DATASET EXCERPTS Block Start

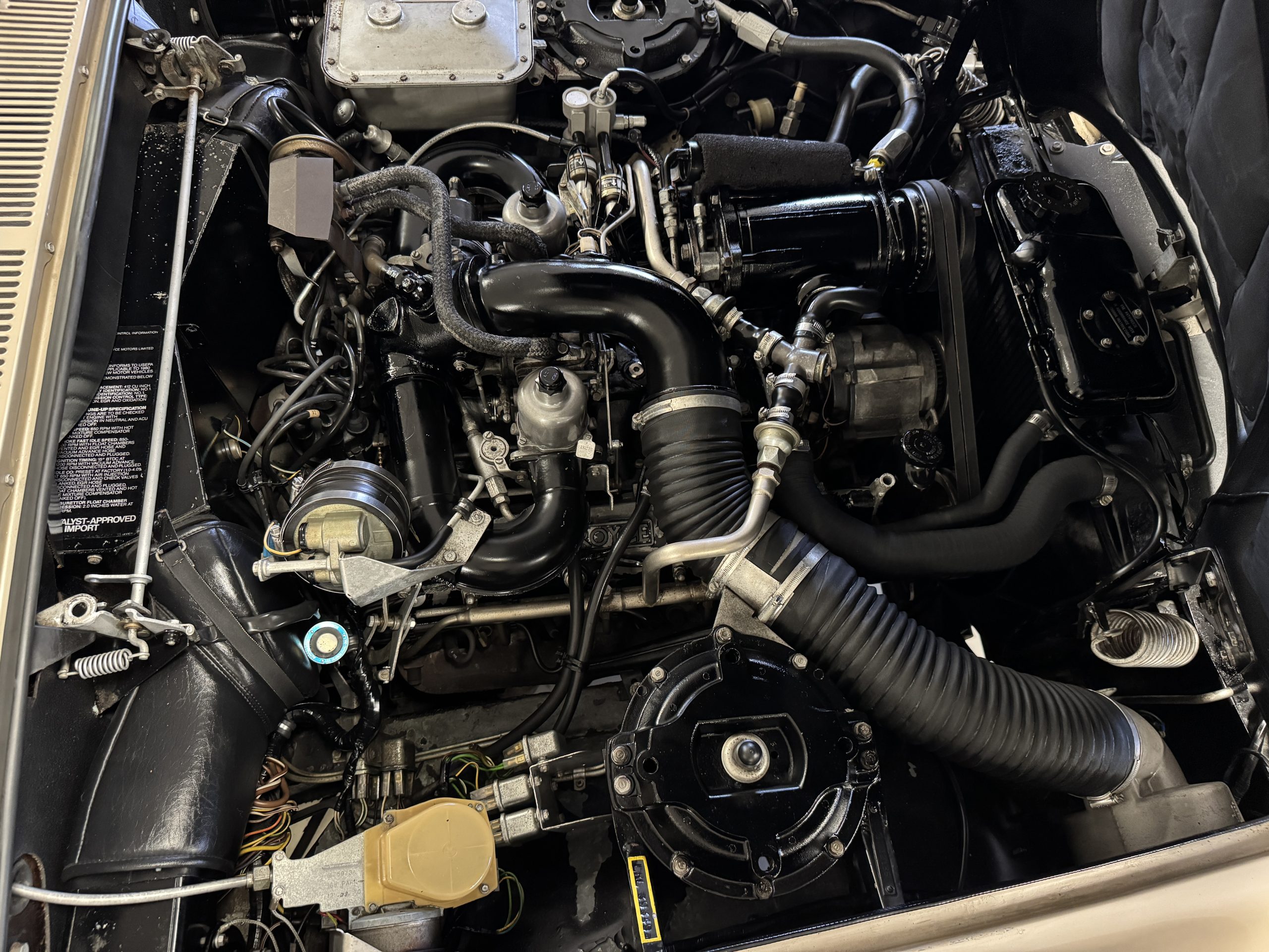 Mechanically, this Silver Wraith II is powered by the venerable 6.75-liter V8 engine paired with a smooth GM-sourced three-speed automatic transmission. The car retains Rolls-Royce’s hallmark hydropneumatic self-leveling suspension, offering a “magic carpet” ride that isolates occupants from the road. Four-wheel disc brakes remain firm and responsive, and the steering and suspension hydraulics perform smoothly. The car is accompanied by a Rolls-Royce build sheet, matching numbers confirmation from the RROC, partial service records and a nearly complete factory tool kit, missing only one bulb from the replacement set. The car’s road manners are serene and stately, perfectly befitting the grandeur of the Silver Wraith II.
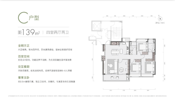 建面约139㎡为雨核主流深改户型,拥有4个房间的同时,还拥有约6.4m的双开间阳台和约3.7m开间的客厅,厨房拥有独立岛台。
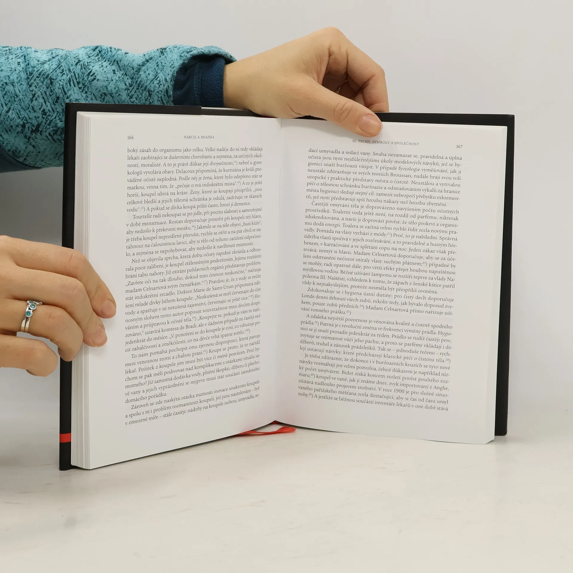 Podtitul: Pach a společenské představy 18. a 19. století Francouzský historik Alain Corbin dokázal jako jeden z prvních aplikovat metodické postupy školy Annales na moderní společnost 18. a 19. století. Jeho prozatím nejuznávanější práce je věnována zdánlivě odtažitému tématu – dějinám pachů. Právě na dějinách užívání lidských smyslů, na vztahu k vlastnímu okolí však zachycuje velké civilizační změny, k němž docházelo v různých sociálních prostředích. Původně téměř homogenní společnost se totiž podle jeho názoru začíná pod vlivem nových hygienických zvyklostí, užívání parfémů či naopak nových druhů kanálů a záchodů radikálně měnit a „čistí“ se stávají citliví, až přecitlivělí k masám „špinavých“. Flaubert nemůže spát, protože se nadýchal pachu dělníků – v této zkratce se odrážejí nové postoje elit, jež se začínají štítit a stranit spodiny. V souvislosti s tím se dle Corbina mohutně rozvíjí narcisismus, neurotické představy a nový význam získávají i pojmy jako delikátnost, soukromý prostor a komfort.
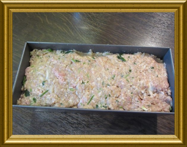 | Den gut durchgemischten Hackfleischteig zur Hälfte in eine gefettete Kastenform von 11 cm x 29 cm verteilen.
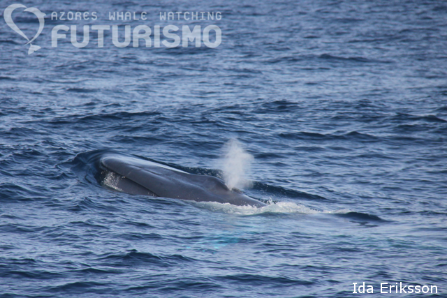 This afternoon we went out on our catamaran to see what we could find out in the big blue. Not far from our base in Ponta Delgada our lookout had seen some blows from a baleen whale. At this time of the year we have several baleen whale species migrating past (mostly fin whales, sei whales and blue whales), so we were curious to see which species it was. It wasn't easy work...in the begining we only had distant blows, and based on the behaviour we guessed we might be dealing with a sei whale. We tried for a while to see this whale but eventually we had to give up. We tried to search for something else in another area and luckily it didn't take long for one of our biologists to spot a blow not far from our boat. This whale turned out to be easier to track, as it was coming up to the surface for a few blows each time. It was a fin whale, the second largest animal in the world! We tracked the whale for a while, trying to predict where it was going to surface next (something which is not always easy). A couple of times the whale surfaced near our boat so our patience paid off. What an adventure!
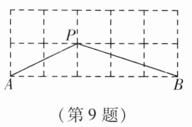 9. 如图所示的网格是正方形网格,$∠APB = $______°.
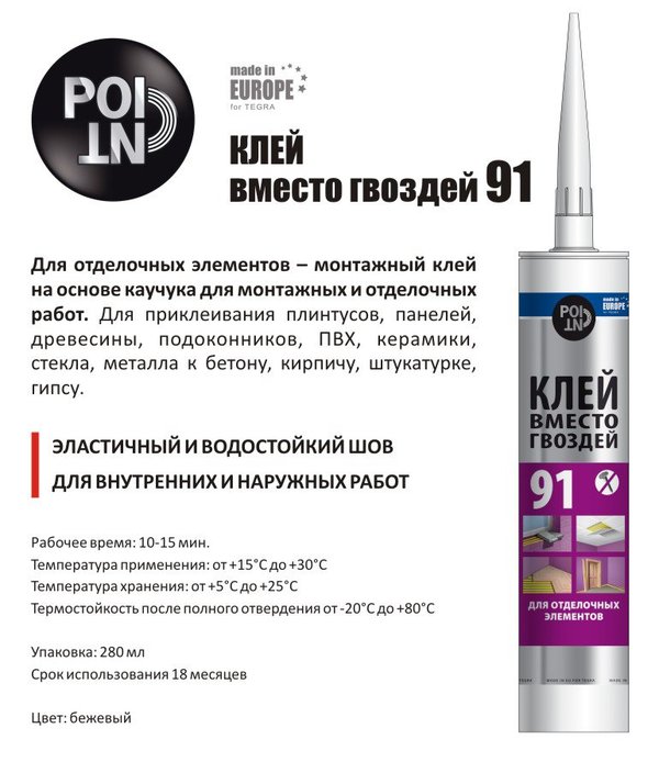 Представляем клей вместо гвоздей 98 POINT: • Клеит большинство строительных материалов: керамику, гипсокартон, фанеру, металл, пластик, ОСБ плиту, стекло, древесину, кирпич, бетон, штукатурку, камень; • Удобно пользоваться в быту: не нужно сверлить, нанесли клей, прижали и всё; • После 48 часов клей уже выдерживает особо большие нагрузки. Очень удобно клеить плинтус, наличники дверей. Высокая сила схватывания – отлично прилегает ко всем неровностям стены. Походит для всех сезонов, температура применения от +30˚С до -20˚С.
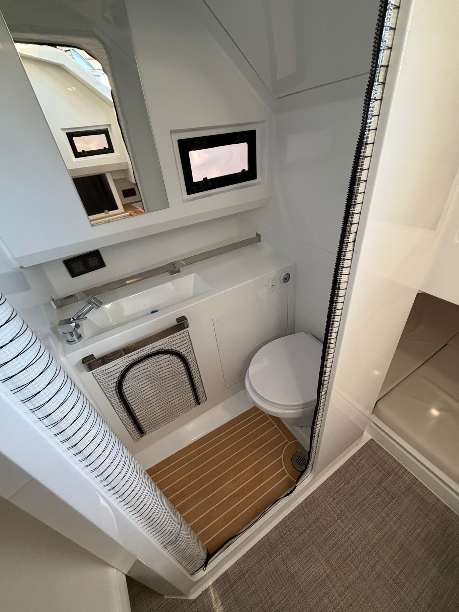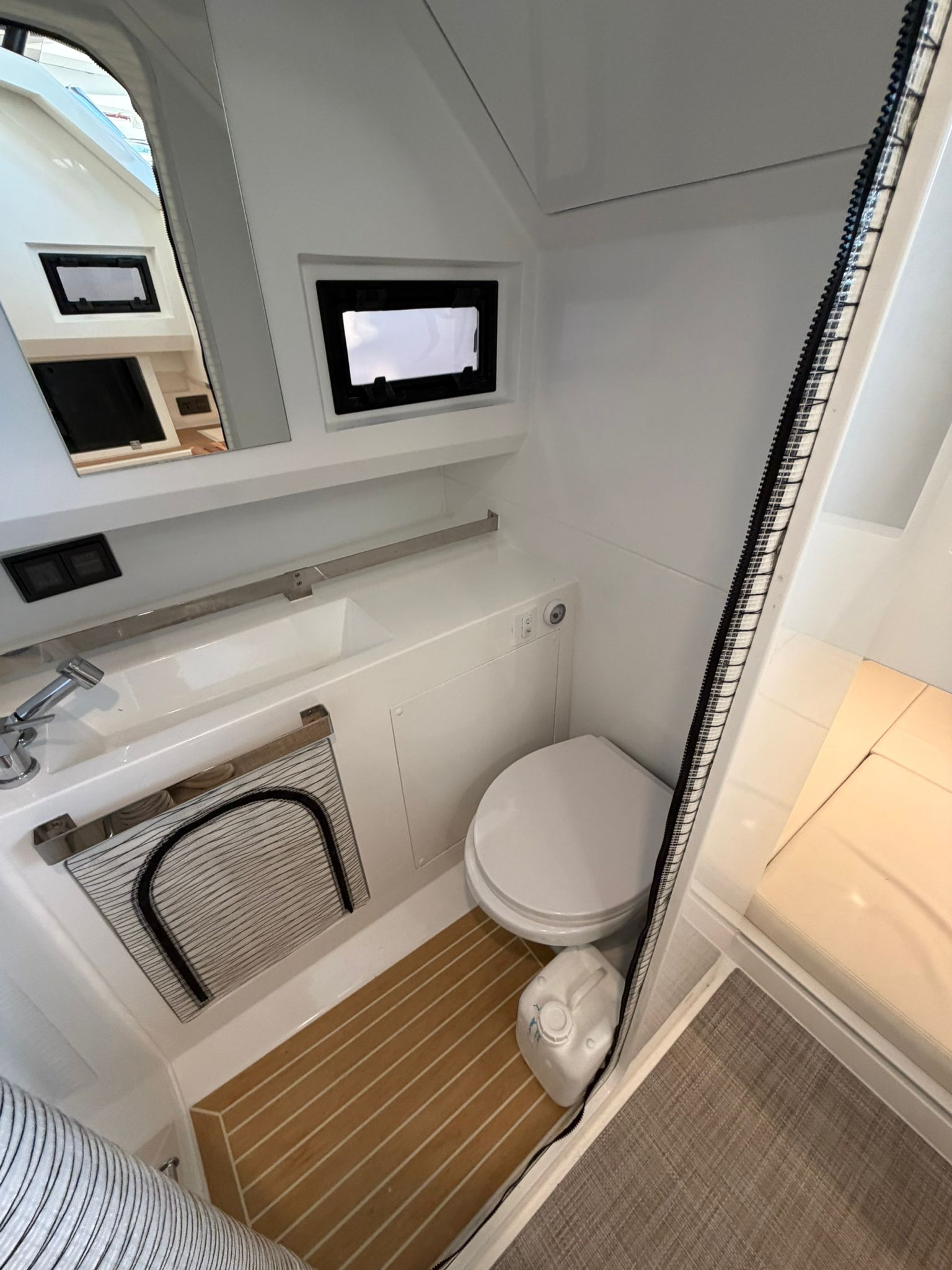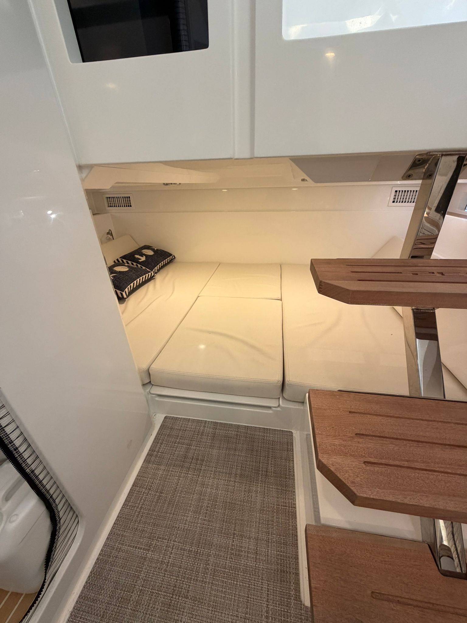 Molinete, Hélice de proa, aire acondicionado, flaps lenco. VHF, GPS/ Sonda Simrad, fogon gas en bañera,
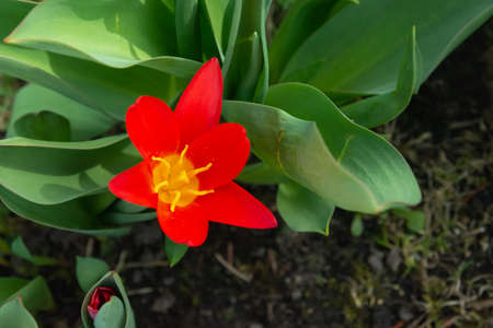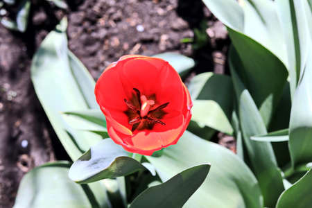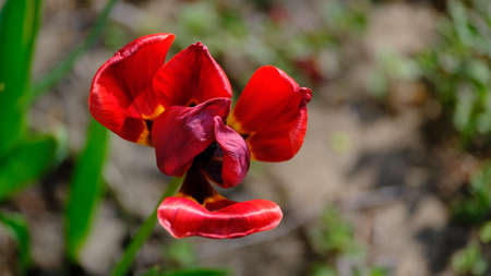 red opened tulip in the daytime in the park. bright sunny day, greening in the city
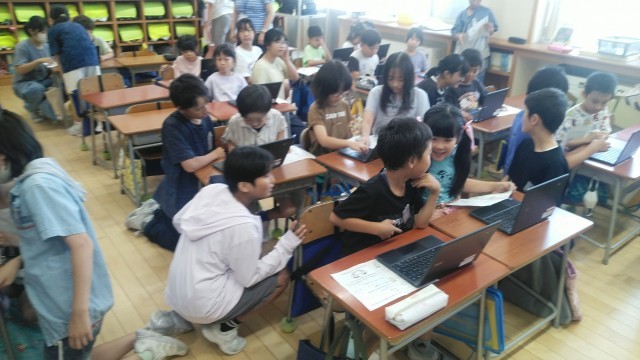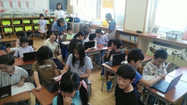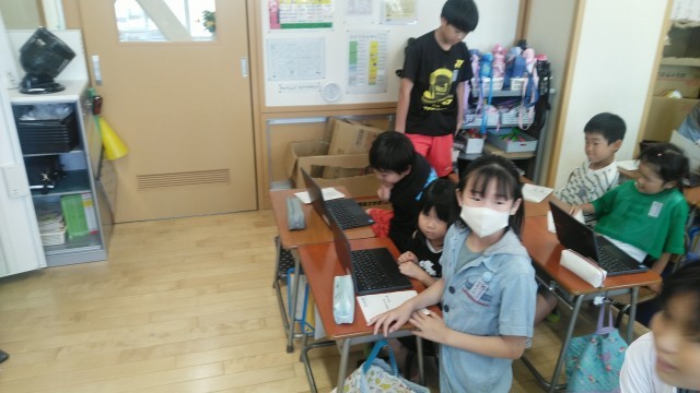3時間目に1年生教室に行くと、1年生と6年生がクロームブックを触っていました。1年生が使ってみるのを6年生がサポートしているみたいです。6年生さん、ありがとうございます。

DATASET EXCERPTS Block End

■ EXERCISE DESCRIPTION ■
Begin at the top of the records above and retype each line exactly until the line containing "29 cm verteilen.", which is included. Skip all pictures.

■ REPLY TO THE EXERCISE ■
 Mechanically, this Silver Wraith II is powered by the venerable 6.75-liter V8 engine paired with a smooth GM-sourced three-speed automatic transmission. The car retains Rolls-Royce’s hallmark hydropneumatic self-leveling suspension, offering a “magic carpet” ride that isolates occupants from the road. Four-wheel disc brakes remain firm and responsive, and the steering and suspension hydraulics perform smoothly. The car is accompanied by a Rolls-Royce build sheet, matching numbers confirmation from the RROC, partial service records and a nearly complete factory tool kit, missing only one bulb from the replacement set. The car’s road manners are serene and stately, perfectly befitting the grandeur of the Silver Wraith II.
 建面约139㎡为雨核主流深改户型,拥有4个房间的同时,还拥有约6.4m的双开间阳台和约3.7m开间的客厅,厨房拥有独立岛台。
 Podtitul: Pach a společenské představy 18. a 19. století Francouzský historik Alain Corbin dokázal jako jeden z prvních aplikovat metodické postupy školy Annales na moderní společnost 18. a 19. století. Jeho prozatím nejuznávanější práce je věnována zdánlivě odtažitému tématu – dějinám pachů. Právě na dějinách užívání lidských smyslů, na vztahu k vlastnímu okolí však zachycuje velké civilizační změny, k němž docházelo v různých sociálních prostředích. Původně téměř homogenní společnost se totiž podle jeho názoru začíná pod vlivem nových hygienických zvyklostí, užívání parfémů či naopak nových druhů kanálů a záchodů radikálně měnit a „čistí“ se stávají citliví, až přecitlivělí k masám „špinavých“. Flaubert nemůže spát, protože se nadýchal pachu dělníků – v této zkratce se odrážejí nové postoje elit, jež se začínají štítit a stranit spodiny. V souvislosti s tím se dle Corbina mohutně rozvíjí narcisismus, neurotické představy a nový význam získávají i pojmy jako delikátnost, soukromý prostor a komfort.
 | Den gut durchgemischten Hackfleischteig zur Hälfte in eine gefettete Kastenform von 11 cm x 29 cm verteilen.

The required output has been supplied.